6. Lastly, our co-existence should benefit one another (herdsmen and arable farmers), we need all hands on deck to achieve zero hunger. This can be achieved when peace and unity is restored, wounds are healed and bridges are amended. It is time to rebuild for a greater future and a better agricultural ecosystem in our nation.
Yours-in-service
Babatunde
In his weekly column Letter to my Farmers, Babatunde Olarewajo writes about personal experiences and insights on farming, curated through working with smallholder farmers in Africa. Last week's letter is available here.
Otto Kroesen , how does this reflect to your line of thought of an entrepreneurial tribe?
Challenged by Coen I would like to point to the social aspects or challenges involved. It is a pity that Babatunde Olarewaju has to excuse himself by bringing up the issue of intertribal conflict, acknowledging that it is a sensitive issue. It might be better dealt with if it were not a sensitive issue. It doesn’t help to replace the word tribal by the word ethnic, even apart from the fact that the Greek word “ethnos” precisely means “tribe”.
In my book Cross Cultural Entrepreneurship and Social Transformation I differentiated between two systems.
System 1: a social system consisting of tribal loyalties and vertical networks of patrimonialism combined with weak state institutions.
System 2: a social system consisting of an open civil society of continuously regrouping individuals as well as associations and companies under the umbrella of a strong, equitable and accountable state.
African societies are somewhere between System 1 and System 2, in a process of transition, but with many difficulties. The herders – farmers dichotomy is a case in point.
In order to find recognition for this problem as an unavoidable part of African politics, which should not evoke shame, it might help to take a look at Western history. The development of the guilds and city fraternities in Western history was a first step beyond tribal loyalties. Guilds and fraternities are known as professional corporations and their membership was open to everybody, men and women, on the condition that they took an oath on the internal laws and regulations. They are less known for their spiritual element: church services were organized as a daily practice to cultivate and maintain loyalty and teach the members, who were not family of each other, to practice loyalty and solidarity towards each other and not cultivate their family heroes anymore. They were all brothers and sisters now (fraternities!).
Beautiful analysis, Otto, but do you have any practical advice? In a sense, yes. I see many technical advices passing by and they are all good and relevant. But shouldn’t the spiritual problem be addressed as well? Can a sense of shared purpose and destiny be created between the closed we-groups competing with each other now? Church services will not do the trick, because religion is part of the divide between people nowadays. But they can talk to each other and all African tribes, farmers and herders alike, have always known the law of hospitality as constitutive to our humanity from the beginning of creation.
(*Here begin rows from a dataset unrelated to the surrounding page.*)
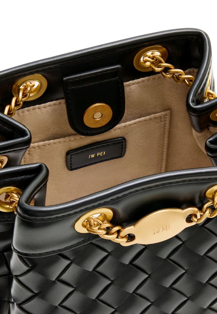 This bag features a hand-woven black design, accented with a luxurious gold-tone chain and hardware for a blend of classic elegance and modern style. The bucket shape offers a practical yet refined look, making it perfect for both daily use and elevated occasions.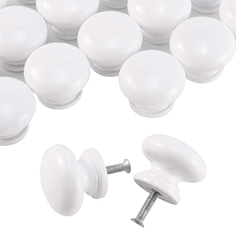 20x Poignee Bouton Bois Peinture Blanche 32x26mm Pour Armoire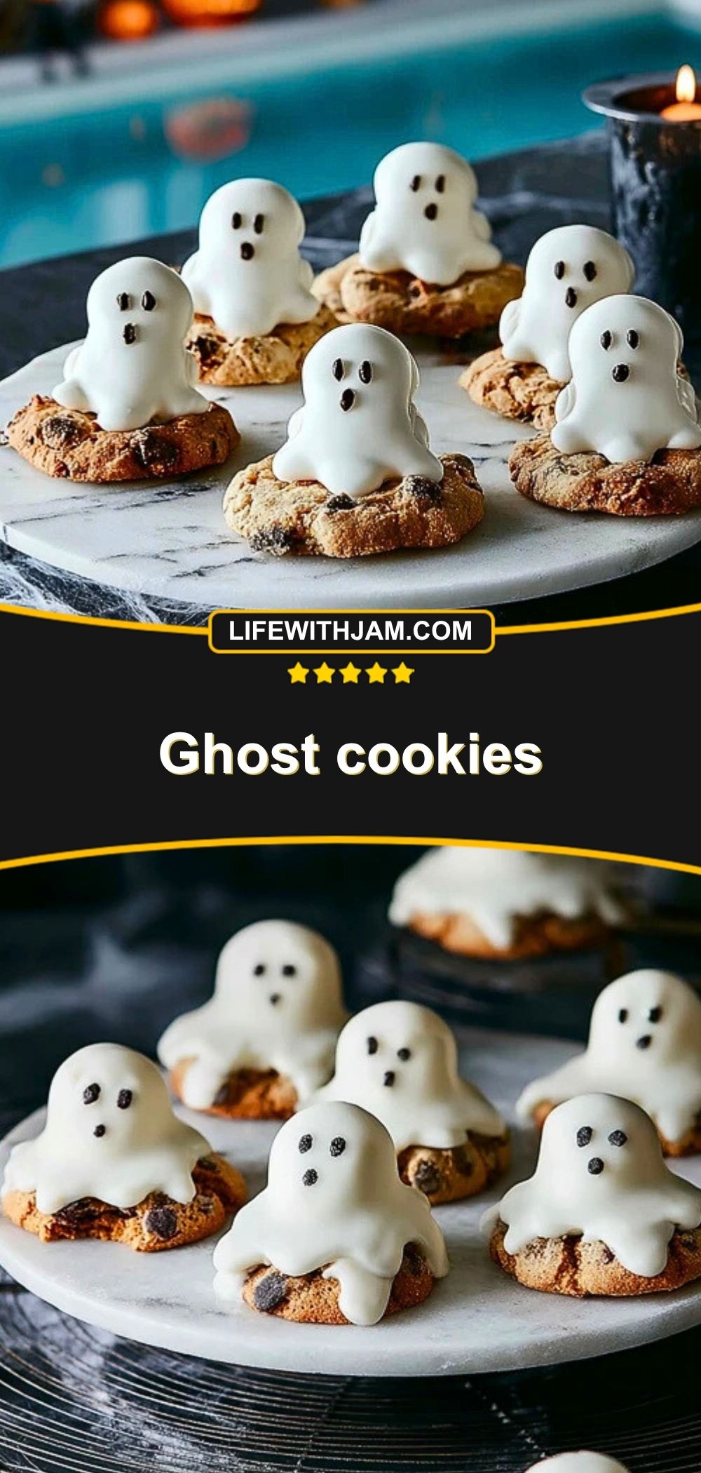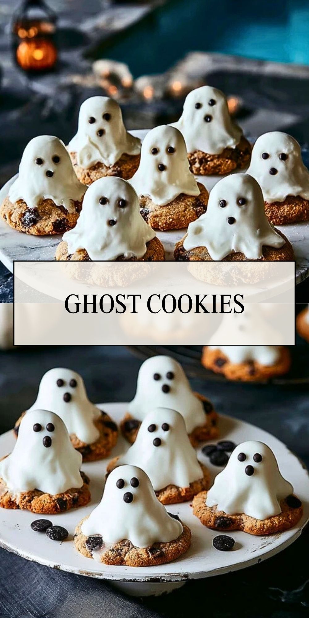 Serve these ghost cookies on a festive Halloween platter surrounded by candy corn or edible spiderwebs for a dramatic effect. They pair perfectly with a glass of milk or a warm fall drink like hot cocoa or spiced apple cider. These cookies are always a crowd-pleaser at classroom parties, office celebrations, or Halloween movie nights.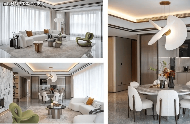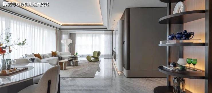 室内空间则以“全球奢石博物馆”为理念,芬迪白、喜马拉雅灰、雪山蓝等20余种进口名石贯穿全屋,主卧吊顶融入弧形波浪元素,营造“复古与摩登共生”的沉浸式艺术体验。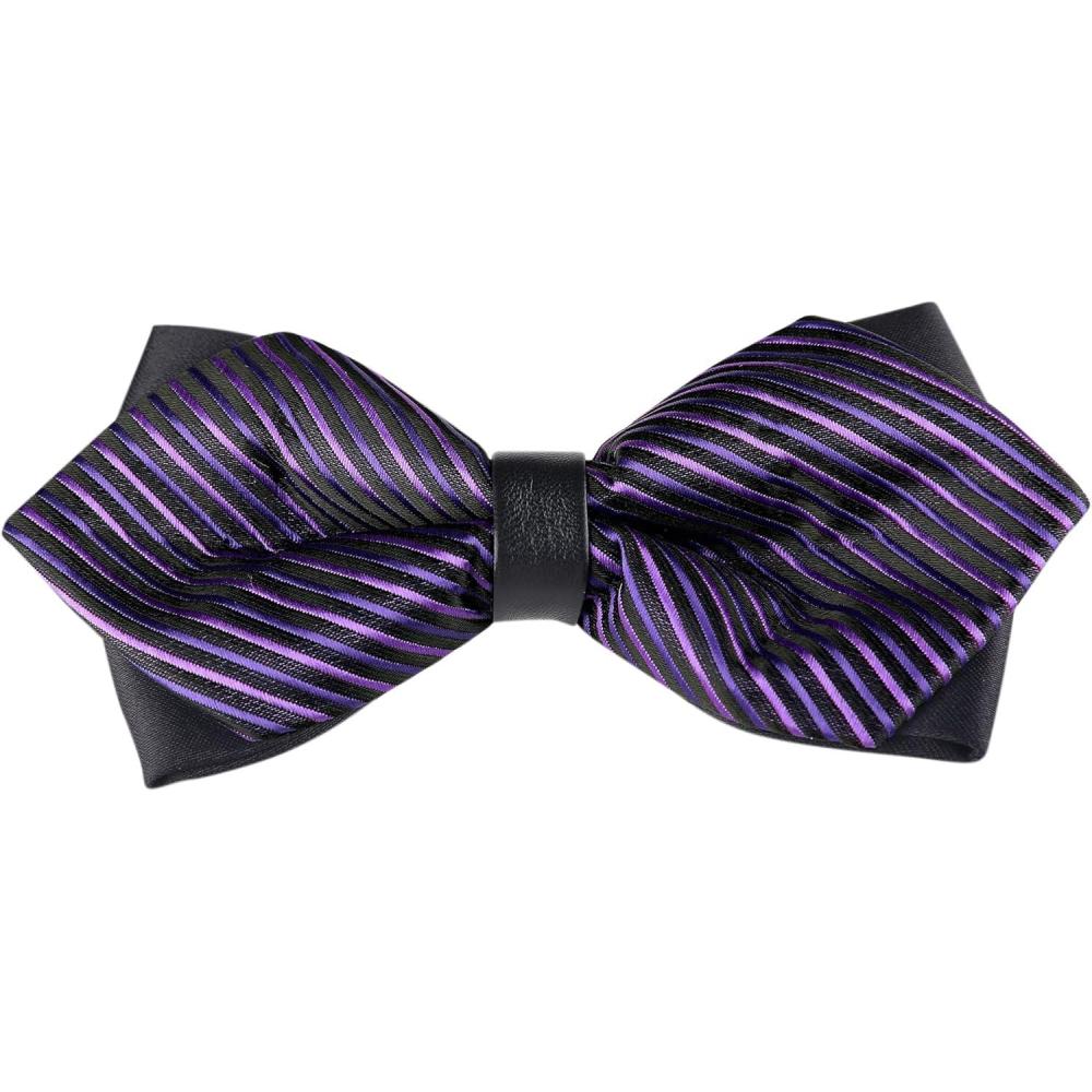 Allegra K Men's Striped Pre-Tied Bow Tie Adjustable Neck Bowties Wedding Formal Ties(Purple)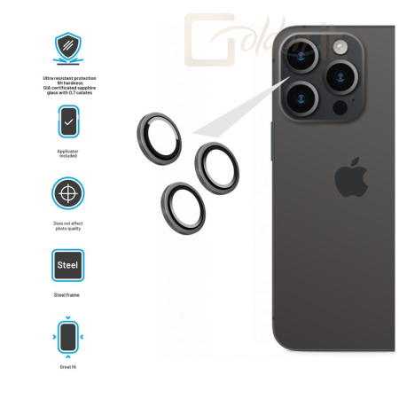 Okostelefon kiegészítő FIXED Zafír kamera lencsevédő Apple iPhone 15 Pro/15 Pro Max készülékhez, ezüst - FIXGCS-1202-SL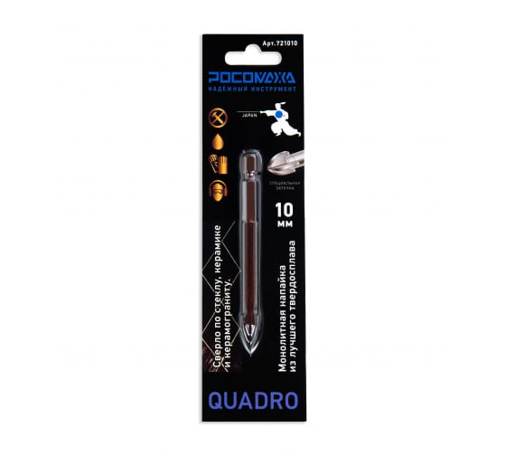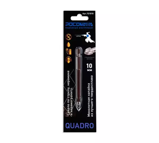 Сверло по стеклу и керамике 10,0мм Росомаха 4 режущие грани 721010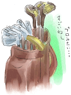 まだビニルがかかっているレディスのゴルフクラブをもらった。そのころお店で一番いいのだったんだって。一美はやる気まんまんだけどパターってどれ?って聞かれた。
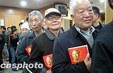 一代偉人毛澤東誕辰110周年前夕,百余名購買了紀(jì)念毛澤東書籍的北京市民在王府井圖書大樓排成長隊,靜靜地等候毛澤東之孫毛新宇的簽名,以寄托對毛澤東的深情懷念。中新社記者:史利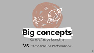Este documento discute la relación entre las campañas de branding y performance. Explica que el branding busca construir y posicionar los valores de la marca, mientras que el performance busca obtener una respuesta del público objetivo. También propone que el funnel ya no tiene etapas jerárquicas sino que se integra de forma colaborativa. Finalmente, sugiere que la conversión ya no solo es la venta, sino también otros objetivos como interacciones o suscripciones que cambien el comportamiento del consumidor en línea con la marca.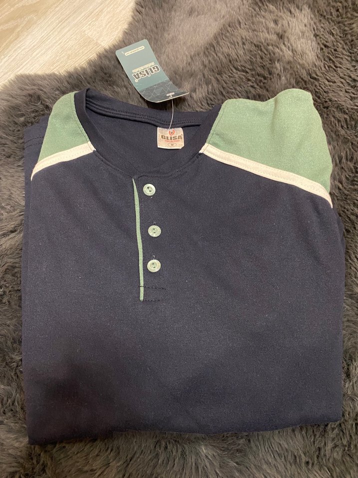 Erkek pijama , uzun kollu, düğmeli ve yuvarlak yaka detaylarıyla. Koyu yeşil ve lacivert renklerde, rahat ve salaş kesimlidir.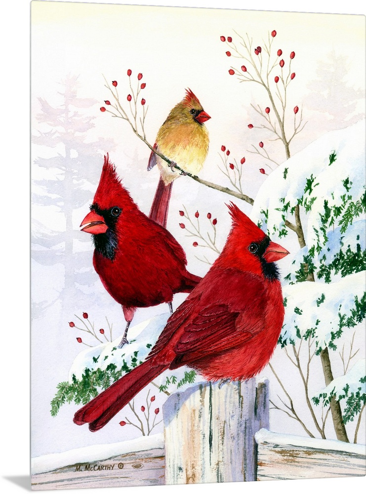 Art Red and Green Christmas Traditional Christmas Four Seasons Christmas Maureen McCarthy Wildlife Bird Cardinal Garden Birds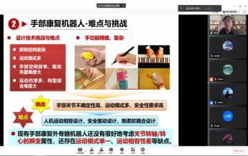 本次沙龙采用“线上+线下”的模式进行,由Fun88乐天堂官网 黄德青教授担任活动现场主持人,线上约80位师生共同参与,在线下,数十名对于机器人系统有着深厚兴趣和钻研的同学组成了一个观摩和研讨的小团队。程龙博士以“手部康复机器人设计、感知与控制”为题,首先介绍了自己所在的团队--中国科Fun88乐天堂 分子影像重点实验室,团队强大的人员队伍和雄厚的技术实力赢得在场所有人的赞叹。其后,程龙博士从研究背景、手部康复机器人系统设计和主被动康复训练方法三部分为同学们展开了深入浅出的讲解,既有学术的严谨又有报告的激情,在场的师生聚精会神听取,不错过任何学习的机会。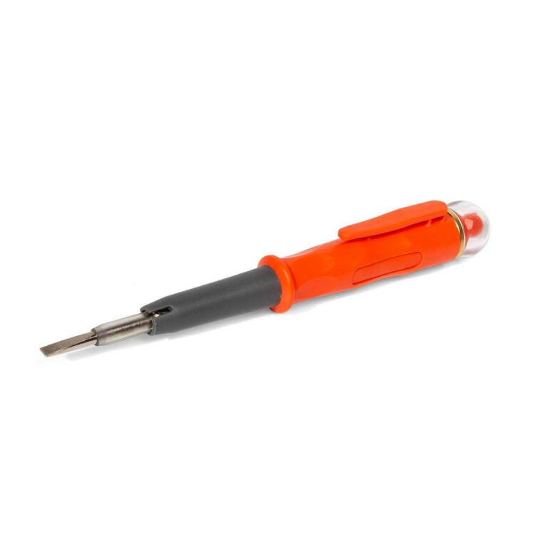 Тестер для контактного или бесконтактного определения наличия переменного напряжения в диапазоне от 100 до 500 В.Защитный вращающийся колпачок на контактном электроде тестера.Бесконтактное определение напряжения возможно как при закрытом, так и при открытом электроде.Для увеличения чувствительности тестера прикоснитесь к металлическому кольцу.Клипса для крепления к карману.Индикаторная лампочка выполняет функцию подсветки.Прочный пластиковый корпус.Вес: 24 г.Длина: 153 мм.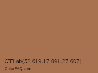 CIELab 52.619,17.891,27.607 Color is a normal orange color and the nearest color is Brown Sugar #af6e4d. Hex code #a8714f and RGB value is rgb(168,113,79). In RGB color space, this color is composed of 66% red, 44% green, 31% blue, In CMYK color space, this color is composed of 0% cyan, 33% magenta, 53% yellow , 34% black , In HSL color space, this color has a hue angle of 23° , 36% saturation and 48% lightness.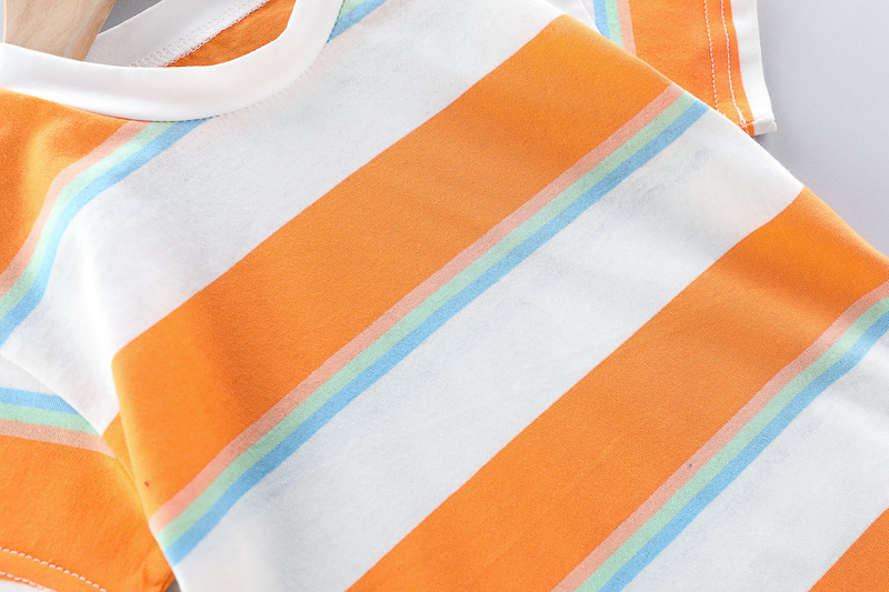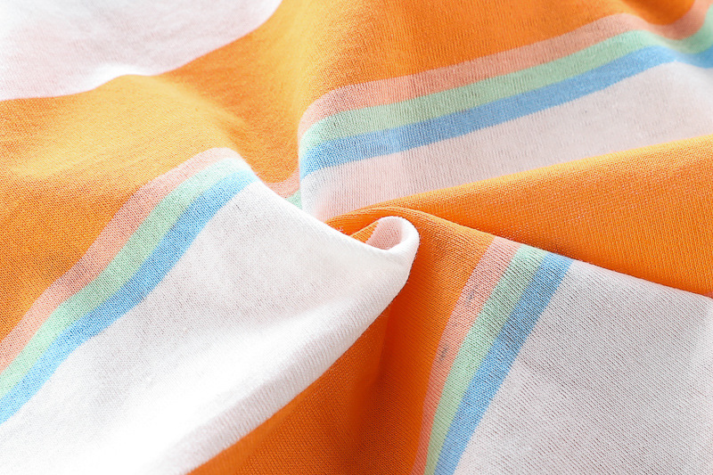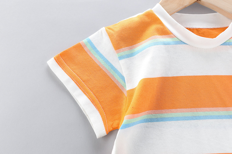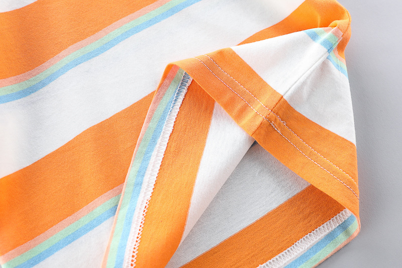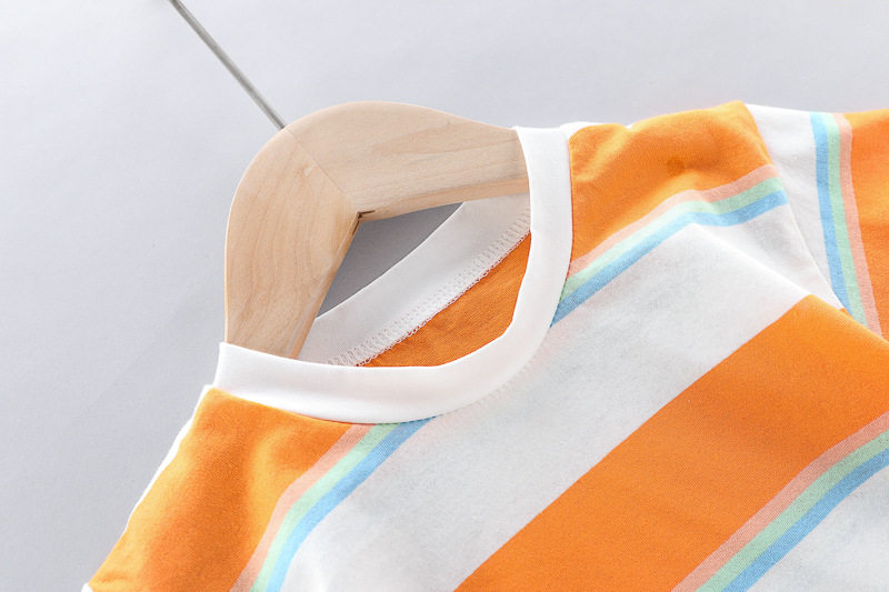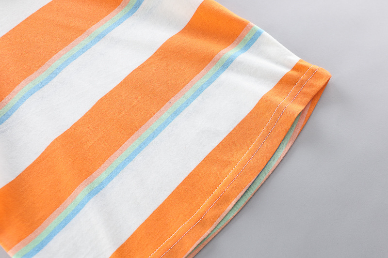 – Tricou cu mânecă scurtă, confecționat din material ușor și respirabil din bumbac. Modelul are dungi proaspete în nuanțe de portocaliu, alb și albastru, care aduc o stare de energie și de vară. Cu decolteu rotund și croială confortabilă pentru libertate de mișcare.

Are there any NGOs working on such a dialogue? Aren’t Western nations exporting their one-sided technological mindset once again (and legitimately so, but alas also exclusively) as the solution while bypassing the spiritual element, which is taken for granted? Are Western taxpayers willing to pay NGOs or religious organizations that are working on such an immaterial thing as dialogue and peace creation?
temporavitae.nl
For those who don't know Otto (yet), please check the interview he granted us last year.
Ikechi Agbugba, could you also give reflection from a supply chain and (business) economics perspective?
@Otto. Very insightful. The spiritual bit you brought into the discourse is powerful and should be explored. I will think through this and give my further opinion. Thank you for this brilliant contribution.